El barroco mestizo, sobre
piedra blanca y porosa de origen volcánico, que sobrenombra a Arequipa como la
ciudad blanca, adornada con motivos católicos e incas, se ve por doquier, en
las portadas de las iglesias como la de San Francisco o San Agustín, en
suntuosos palacios reconvertidos en museos, universidades, bancos o centros
comerciales. No en vano Arequipa es Patrimonio de la Humanidad.
Las obras
más llamativas se remontan al XVI y XVII aunque hayan sufrido muchas
modificaciones. Tal la casa del fundador de la ciudad –Casa Goyeneche, por la
familia que la ocupó posteriormente- o el hermosísimo Convento de Santa
Catalina, un convento dominico que fue creciendo a medida que las familias
pudientes compraban parcelas en su interior para construir estancias privadas
–auténticas casas con cocina y reservados- en las que viviría alguna de sus
hijas con vocación religiosa, acompañada de sirvienta.
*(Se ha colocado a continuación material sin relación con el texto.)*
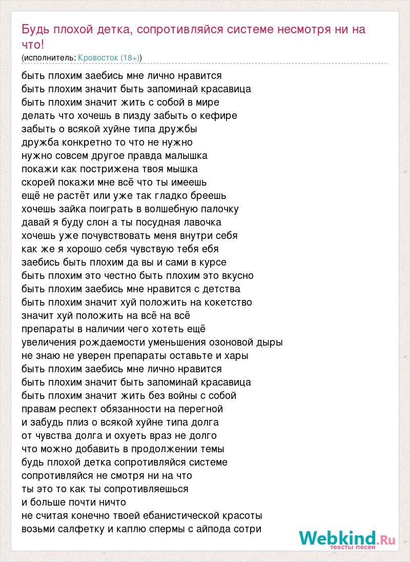 быть плохим заебись мне лично нравится быть плохим значит быть запоминай красавица быть плохим значит жить с собой в мире делать что хочешь в пизду забыть о кефире забыть о всякой хуйне типа дружбы дружба конкретно то что не нужно нужно совсем другое правда малышка покажи как пострижена твоя мышка скорей покажи мне всё что ты имеешь ещё не растёт или уже так гладко бреешь хочешь зайка поиграть в волшебную палочку давай я буду слон а ты посудная лавочка хочешь уже почувствовать меня внутри себя как же я хорошо себя чувствую тебя ебя заебись быть плохим да вы и сами в курсе быть плохим это честно быть плохим это вкусно быть плохим заебись мне нравится с детства быть плохим значит хуй положить на кокетство значит хуй положить на всё на всё препараты в наличии чего хотеть ещё увеличения рождаемости уменьшения озоновой дыры не знаю не уверен препараты оставьте и хары быть плохим заебись мне лично нравится быть плохим значит быть запоминай красавица быть плохим значит жить без войны с собой правам респект обязанности на перегной и забудь плиз о всякой хуйне типа долга от чувства долга и охуеть враз не долго что можно добавить в продолжении темы будь плохой детка сопротивляйся системе сопротивляйся не смотря ни на что ты это то как ты сопротивляешься и больше почти ничто не считая конечно твоей ебанистической красоты возьми салфетку и каплю спермы с айпода сотри

El convento es una
pequeña ciudad con barrios coloridos, con callejas con nombres de ciudades
españolas, con tiestos, parterres y fuentes que recuerdan el sur español. Las
casas están pintadas de granate y las plazas y claustros de azul. El convento
atesora una rica colección de obras de arte: esculturas y pasos y pinturas de
la escuela cuzqueña, a medio camino entre el renacimiento isabelino y el
barroco velazqueño.
La Plaza de
Armas es un hervidero de visitantes, agentes turísticos que corren tras ellos
para venderles tours y descuideros, el ambiente que uno imagina en una plaza
española del XVII. En las calles adyacentes, llenas de casonas coloniales, hay boutiques
con ropa de alpaca o vicuña y restaurantes a buen precio, donde se puede optar
por la cocina del afamado Gastón Acurio, 200 soles, o por un menú popular por
10 soles. Nosotros optamos por Típika, un restaurante en el Vallecito, con
camareros trajeados a lo folklórico y comida regional, donde me relamo con un
chancho crocante, muy parecido a los torreznos castellanos, aunque de mayor
tamaño.
También caemos en la tentación y contratamos un tour de cuatro horas
por la ciudad y alrededores. Así apreciamos mejor desde miradores, como el del
Carmen Alto, los tres colosos volcánicos que vigilan o amenazan la ciudad, el
valle verde que forma el río Chili que baja de los Andes, en medio del desierto
ocre, para llenar de vida este oasis, la Mansión del Fundador con muebles y
pinturas de época y el molino hidráulico de Sabandia, cuidadosamente
reconstruido.
Nos queda tiempo,
que podríamos haber utilizado en otra cosa, para visitar el museo donde
mantienen a -20º a la famosa momia Juanita, la dama de los hielos. Un explorador
norteamericano, Johan Reinhard, la descubrió en 1995 en el interior del cráter
del Ampato, tras la erupción y consecuente deshielo del Sabancay, cuya fumarola
veremos en la ruta hacia el Colca. Juanita tenía entre 12 y 14 años cuando fue golpeada
en el cráneo allá arriba en lo alto del Ampato adonde había sido llevada,
drogada, desde Cuzco y donde ha permanecido congelada durante 500 años. En años
posteriores se han encontrado otras momias, hasta ocho, en otras cimas
volcánicas, lo que muestra la afición de los incas por ofrecer jóvenes vírgenes
a sus dioses. El museo muestra los restos criogenizados de Juanita, en posición
fetal, en una urna de vidrio cerrada al vacío, así como otros vestigios
hallados en su tumba. Acompañan a Juanita restos cerámicos, fotografías y un
video cochambroso, gastado, casi invisible e inaudible para estar en época
digital.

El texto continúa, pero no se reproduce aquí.